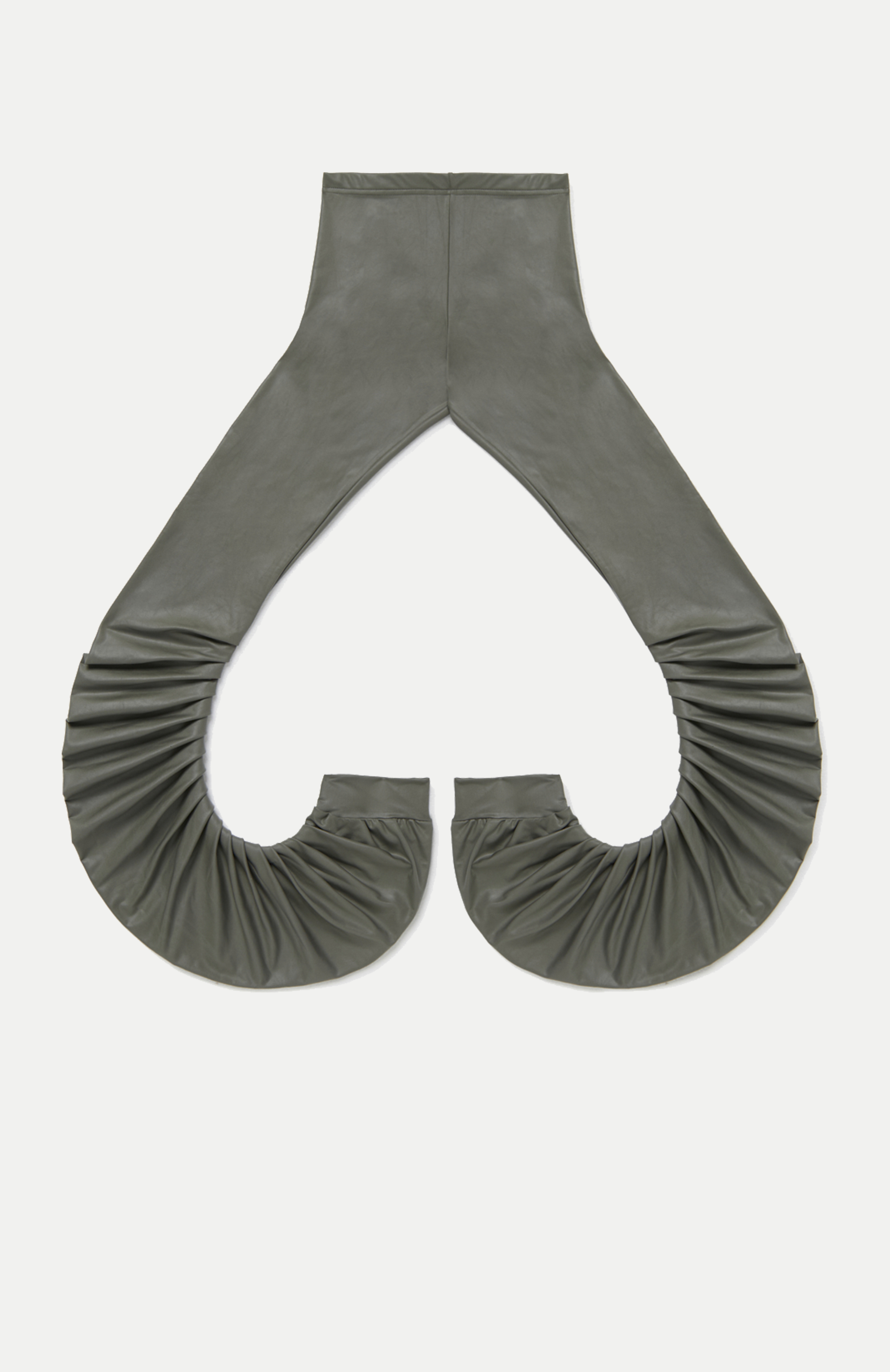 High rise iron coloured wet look leggings with a pleated inseam. Volume starts from the knee and drapes down over the foot for a lamb leg effect.
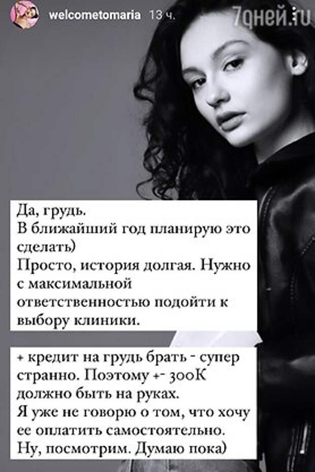 Как рассказала Мария, она думает о том, чтобы исправить свою грудь. Она серьезно готовится к этому шагу: ищет лучших врачей и откладывает деньги. Модель рассчитывает, что потратит на хирургическое вмешательство около 300 тысяч рублей. Дочь актрисы уверена, что пользоваться услугами банков и брать кредит на эту историю было бы очень странно.
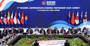 (251027) -- KUALA LUMPUR, 27 octubre, 2025 (Xinhua) -- La quinta Reunión de Líderes de la Asociación Económica Integral Regional (RCEP, por sus siglas en inglés) se celebra en Kuala Lumpur, Malasia, el 27 de octubre de 2025. (Xinhua/Xing Guangli) (rtg) (ah) (ce)
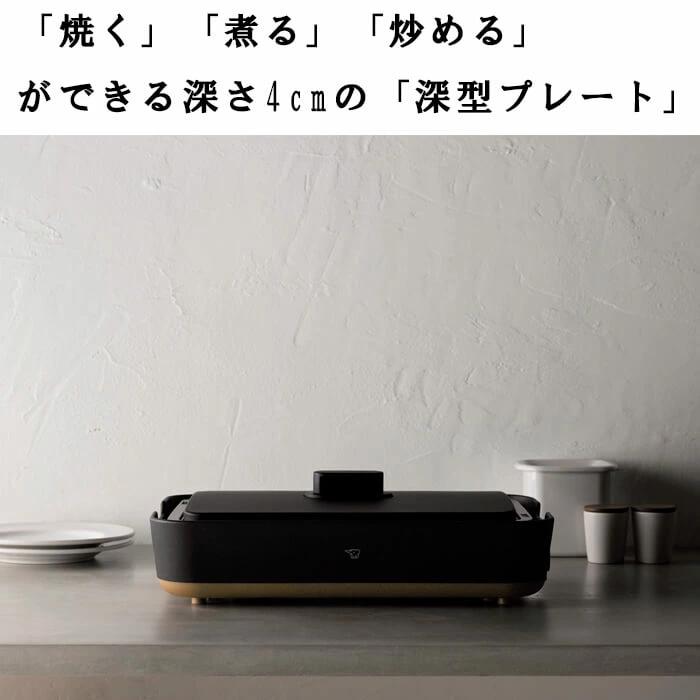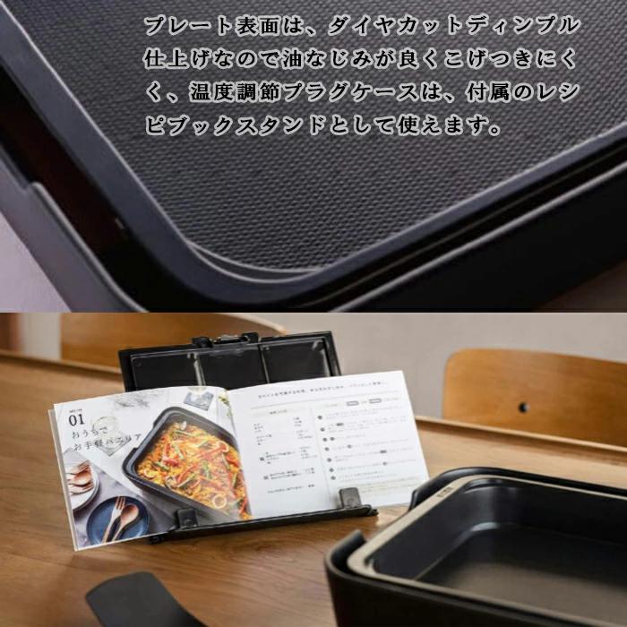「焼く」「煮る」ができる深さ4cmの「深型プレート」、プレート表面は、ダイヤカットディンプル仕上げなので油なじみが良くこげつきにくく、温度調節プラグケースは、レシピブックスタンドとして使えます。※デザイン及び商品内容が変更になる場合がございますので予めご了承下さい。
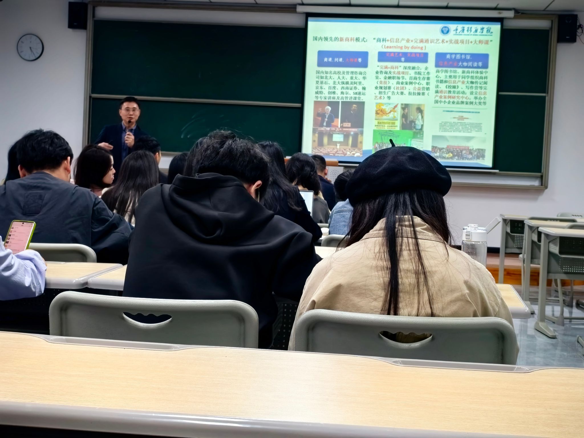 张助理以:“商科教育解决的问题?”作为出发点,指出了“新商科”内涵及人才关键素质培养目标。商科教育可以培养信息产业经营管理素质,商科教育解决的问题:商业思维、创新意识、领导能力。我们的“新商科”教育模式是以:“商科+信息产业+完满通识艺术+实战项目+大师课“相结合的国内领先的新商科模式。此外,老师们也了解到商科教育的四大板块:“专业教育+国际商科教育+全校商科教育+特色商科教育”。
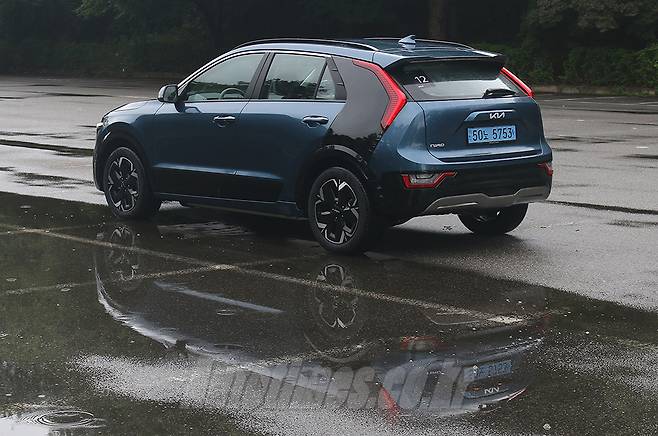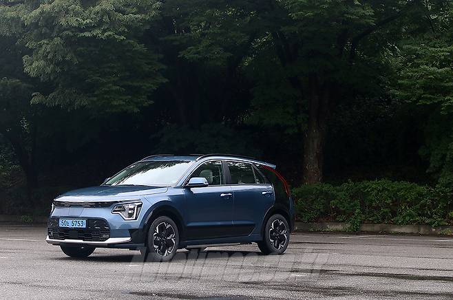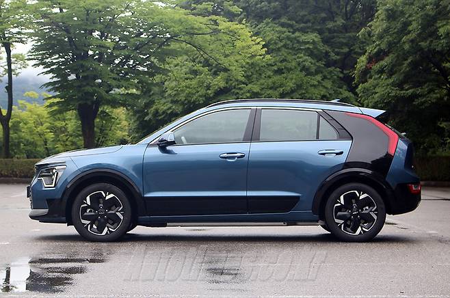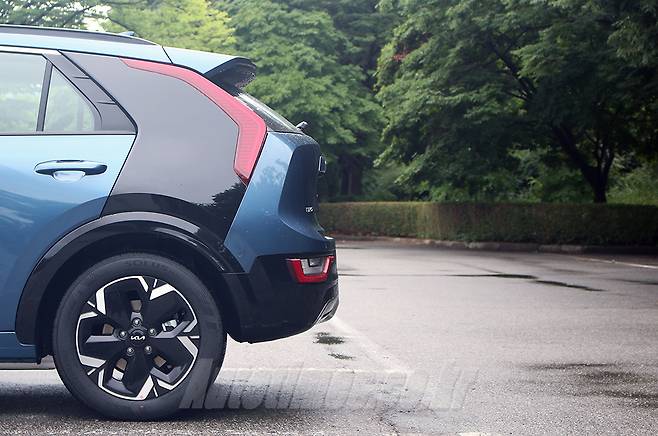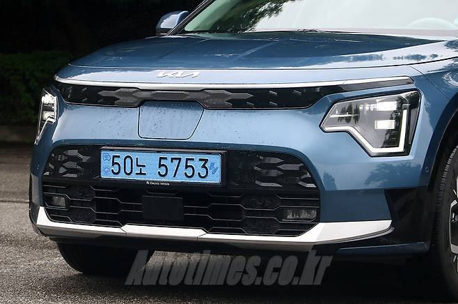 신형 니로는 상품성에 비해 디자인이 아쉽다는 전작과 달리 하이테크 감성을 앞세워 세련된 조형미를 품고 있다. 기아 디자인 정체성인 호랑이 얼굴의 전면부는 기하학적 요소로 가득한 데도 강인한 이미지가 남아있다. 심장 박동 그래프를 모사한 헤드램프의 주간주행등과 그릴 장식을 채운 다각형 패턴은 미래적인 분위기를 효과적으로 낸다. 그릴은 내부를 반듯한 직선들로 구성했던 하이브리드와 차별화 된 요소이기도 하다. 충전구는 전면부 중앙에 위치한다. 나름대로 깔끔하게 배치한 것처럼 보이지만 후면 주차를 선호하는 운전자 입장에서는 번거로울 수도 있다.
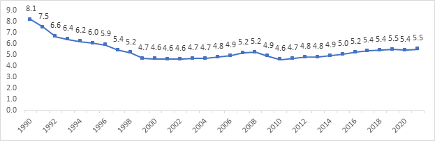 The net minimum wage is another important indicator of social policy. The real value of the real net minimum wage had a downward trend in the 1989-2023 time horizon (Chart 3), reaching a maximum level in 2000 of 24%, i.e. a quarter of food, non-food and services goods that could be purchased in the base year, 1989. The situation has improved since 2009 and then decreased again by 2013. The period of global economic crisis affected all categories of employees, but especially those paid at the level of the minimum wage. The value of the minimum wage indicator in 2023 increased as a result of political decisions, reaching a value of 171% compared to the 1989 calculation base.
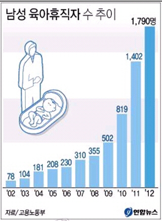 2001년 2명뿐이던 남성 육아휴직자는 제도가 본격적으로 시행된 2002년에도 78명에 그쳤다.이후 2003년 104명, 2004년 181명, 2005년 208명, 2006년 230명, 2007년 310명, 2008년 355명 등으로 서서히 증가했다. 그러다가 2009년 502명, 2010년 819명, 2011년 1천402명으로 큰 폭으로 늘고 있다.
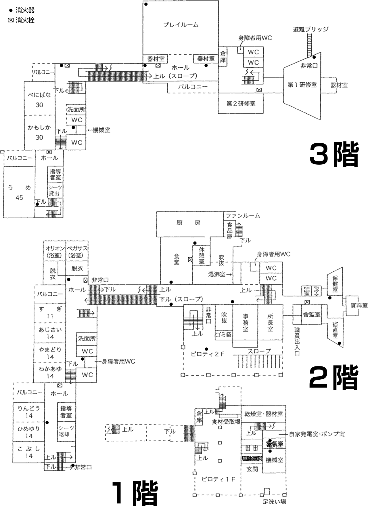 和室畳敷き10室(ふすまで仕切った場合:すぎ、あじさい、やまどり、わかあゆ、りんどう、ひめゆり、こぶし、べにばな、かもしか、うめ)、定員200名(小学生の場合)、指導者室2室(1部屋5名)
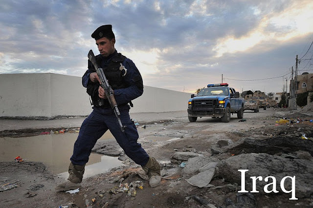 Photo Credit: Adapted from “An Iraqi policeman steps over trash and mud during a walking patrol” in the Rashid district of Baghdad, courtesy of the U.S. Navy and Wikimedia Commons.
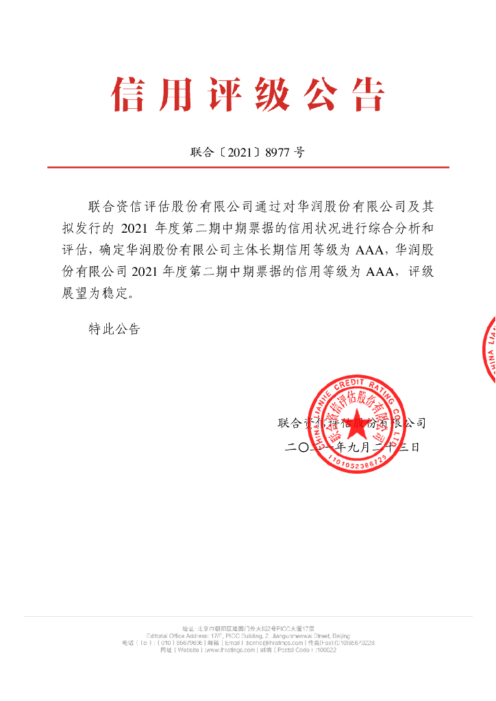 联合资信:华润股份有限公司2021年度第二期中期票据信用评级报告.pdf
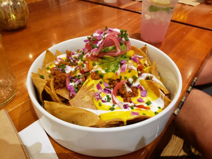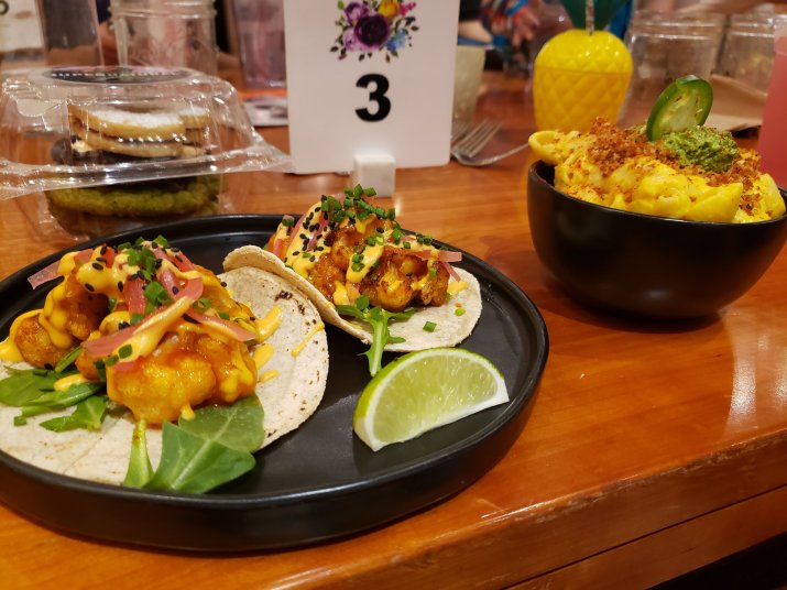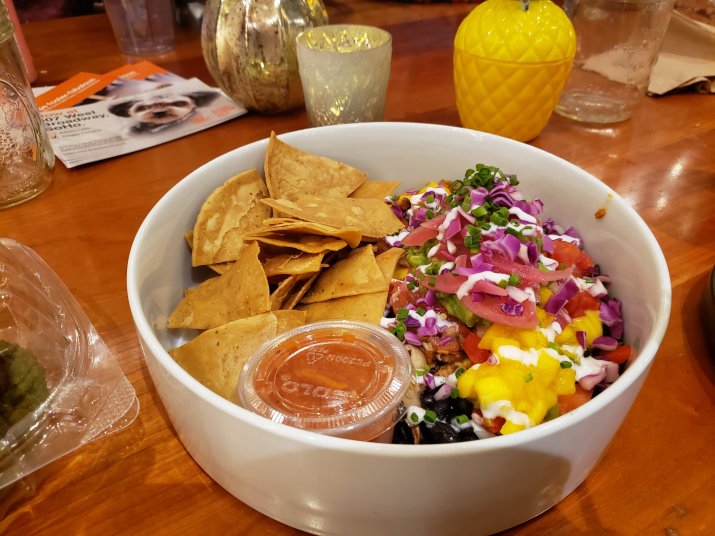 We picked out the burrito bowl, cauliflower tacos, and mac n cheese, as well as cookies for later. A friend got the nachos.
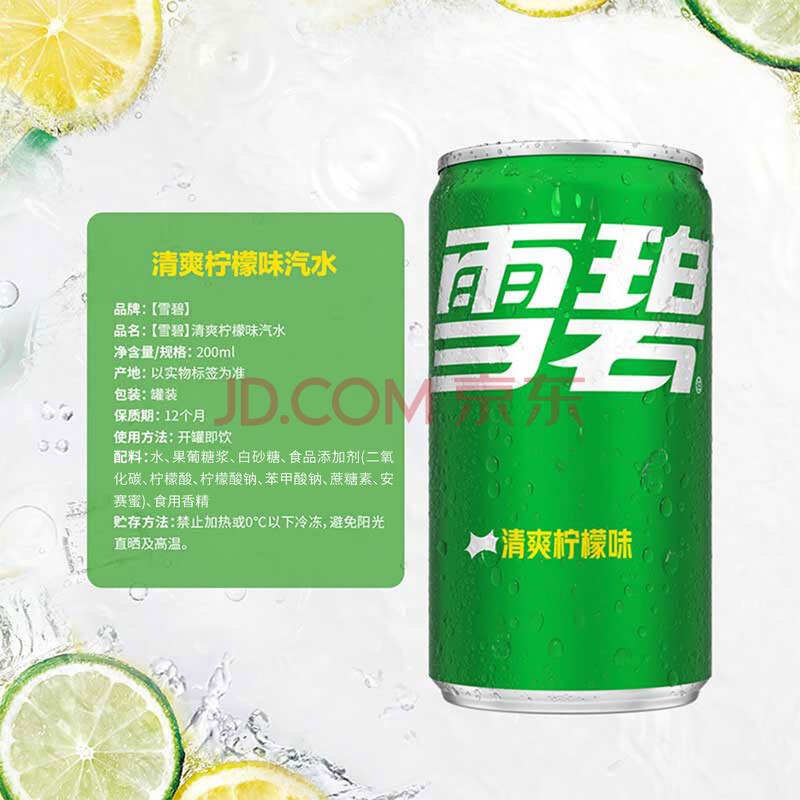 商品名称:可口可乐(Coca-Cola)雪碧 Sprite 柠檬味 迷你碳酸饮料 200ml*12罐 整箱装 年货
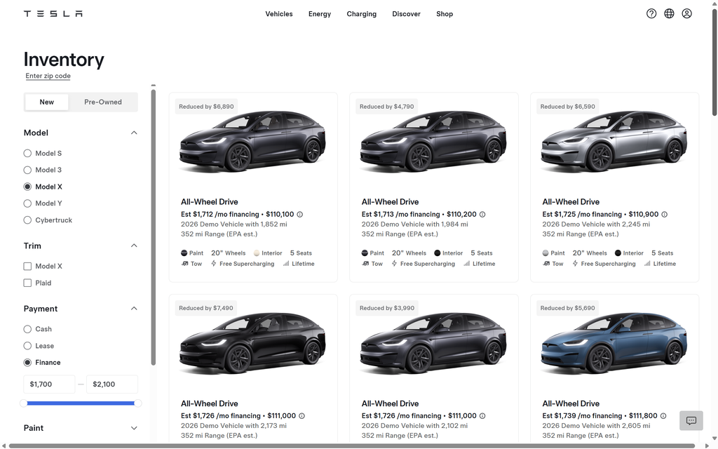Сегодня самые дешевые серийные автомобили Model S и Model X – это бывшие демонстрационные экземпляры, использовавшиеся автосалонами, и цены на них начинаются примерно от 106 000 и 111 000 долларов соответственно. Тем временем новая Model S с полным приводом стоит 109 990 долларов, а Model X Plaid в топовой комплектации – 129 900 долларов.
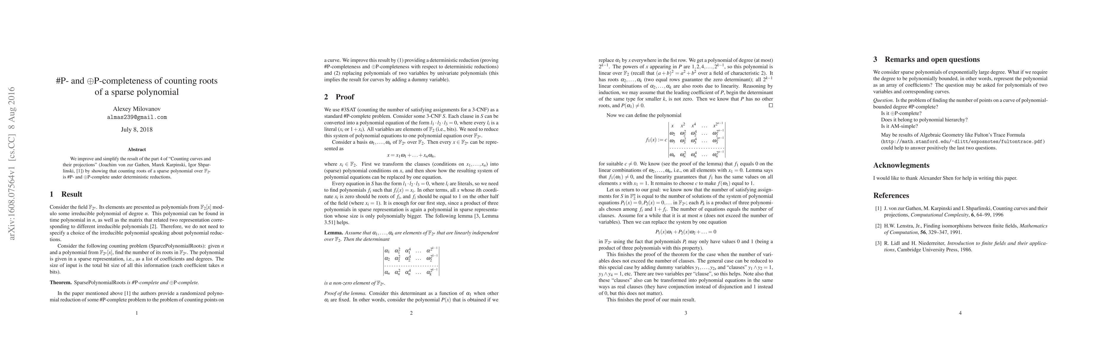 We improve and simplify the result of the part 4 of "Counting curves and their projections" (Joachim von zur Gathen, Marek Karpinski, Igor Shparlinski) by showing that counting roots of a sparse polynomial over $\mathbb{F}_{2^n}$ is #P- and $\oplus$P-complete under deterministic reductions.

··········

● **What this task involves**
Transcribe every record above exactly, leaving out the pictures.

● **Result below**
 High rise iron coloured wet look leggings with a pleated inseam. Volume starts from the knee and drapes down over the foot for a lamb leg effect.
 Как рассказала Мария, она думает о том, чтобы исправить свою грудь. Она серьезно готовится к этому шагу: ищет лучших врачей и откладывает деньги. Модель рассчитывает, что потратит на хирургическое вмешательство около 300 тысяч рублей. Дочь актрисы уверена, что пользоваться услугами банков и брать кредит на эту историю было бы очень странно.
 (251027) -- KUALA LUMPUR, 27 octubre, 2025 (Xinhua) -- La quinta Reunión de Líderes de la Asociación Económica Integral Regional (RCEP, por sus siglas en inglés) se celebra en Kuala Lumpur, Malasia, el 27 de octubre de 2025. (Xinhua/Xing Guangli) (rtg) (ah) (ce)
「焼く」「煮る」ができる深さ4cmの「深型プレート」、プレート表面は、ダイヤカットディンプル仕上げなので油なじみが良くこげつきにくく、温度調節プラグケースは、レシピブックスタンドとして使えます。※デザイン及び商品内容が変更になる場合がございますので予めご了承下さい。
 张助理以:“商科教育解决的问题?”作为出发点,指出了“新商科”内涵及人才关键素质培养目标。商科教育可以培养信息产业经营管理素质,商科教育解决的问题:商业思维、创新意识、领导能力。我们的“新商科”教育模式是以:“商科+信息产业+完满通识艺术+实战项目+大师课“相结合的国内领先的新商科模式。此外,老师们也了解到商科教育的四大板块:“专业教育+国际商科教育+全校商科教育+特色商科教育”。
 신형 니로는 상품성에 비해 디자인이 아쉽다는 전작과 달리 하이테크 감성을 앞세워 세련된 조형미를 품고 있다. 기아 디자인 정체성인 호랑이 얼굴의 전면부는 기하학적 요소로 가득한 데도 강인한 이미지가 남아있다. 심장 박동 그래프를 모사한 헤드램프의 주간주행등과 그릴 장식을 채운 다각형 패턴은 미래적인 분위기를 효과적으로 낸다. 그릴은 내부를 반듯한 직선들로 구성했던 하이브리드와 차별화 된 요소이기도 하다. 충전구는 전면부 중앙에 위치한다. 나름대로 깔끔하게 배치한 것처럼 보이지만 후면 주차를 선호하는 운전자 입장에서는 번거로울 수도 있다.
 The net minimum wage is another important indicator of social policy. The real value of the real net minimum wage had a downward trend in the 1989-2023 time horizon (Chart 3), reaching a maximum level in 2000 of 24%, i.e. a quarter of food, non-food and services goods that could be purchased in the base year, 1989. The situation has improved since 2009 and then decreased again by 2013. The period of global economic crisis affected all categories of employees, but especially those paid at the level of the minimum wage. The value of the minimum wage indicator in 2023 increased as a result of political decisions, reaching a value of 171% compared to the 1989 calculation base.
 2001년 2명뿐이던 남성 육아휴직자는 제도가 본격적으로 시행된 2002년에도 78명에 그쳤다.이후 2003년 104명, 2004년 181명, 2005년 208명, 2006년 230명, 2007년 310명, 2008년 355명 등으로 서서히 증가했다. 그러다가 2009년 502명, 2010년 819명, 2011년 1천402명으로 큰 폭으로 늘고 있다.
 和室畳敷き10室(ふすまで仕切った場合:すぎ、あじさい、やまどり、わかあゆ、りんどう、ひめゆり、こぶし、べにばな、かもしか、うめ)、定員200名(小学生の場合)、指導者室2室(1部屋5名)
 Photo Credit: Adapted from “An Iraqi policeman steps over trash and mud during a walking patrol” in the Rashid district of Baghdad, courtesy of the U.S. Navy and Wikimedia Commons.
 联合资信:华润股份有限公司2021年度第二期中期票据信用评级报告.pdf
 We picked out the burrito bowl, cauliflower tacos, and mac n cheese, as well as cookies for later. A friend got the nachos.
 商品名称:可口可乐(Coca-Cola)雪碧 Sprite 柠檬味 迷你碳酸饮料 200ml*12罐 整箱装 年货
Сегодня самые дешевые серийные автомобили Model S и Model X – это бывшие демонстрационные экземпляры, использовавшиеся автосалонами, и цены на них начинаются примерно от 106 000 и 111 000 долларов соответственно. Тем временем новая Model S с полным приводом стоит 109 990 долларов, а Model X Plaid в топовой комплектации – 129 900 долларов.
 We improve and simplify the result of the part 4 of "Counting curves and their projections" (Joachim von zur Gathen, Marek Karpinski, Igor Shparlinski) by showing that counting roots of a sparse polynomial over $\mathbb{F}_{2^n}$ is #P- and $\oplus$P-complete under deterministic reductions.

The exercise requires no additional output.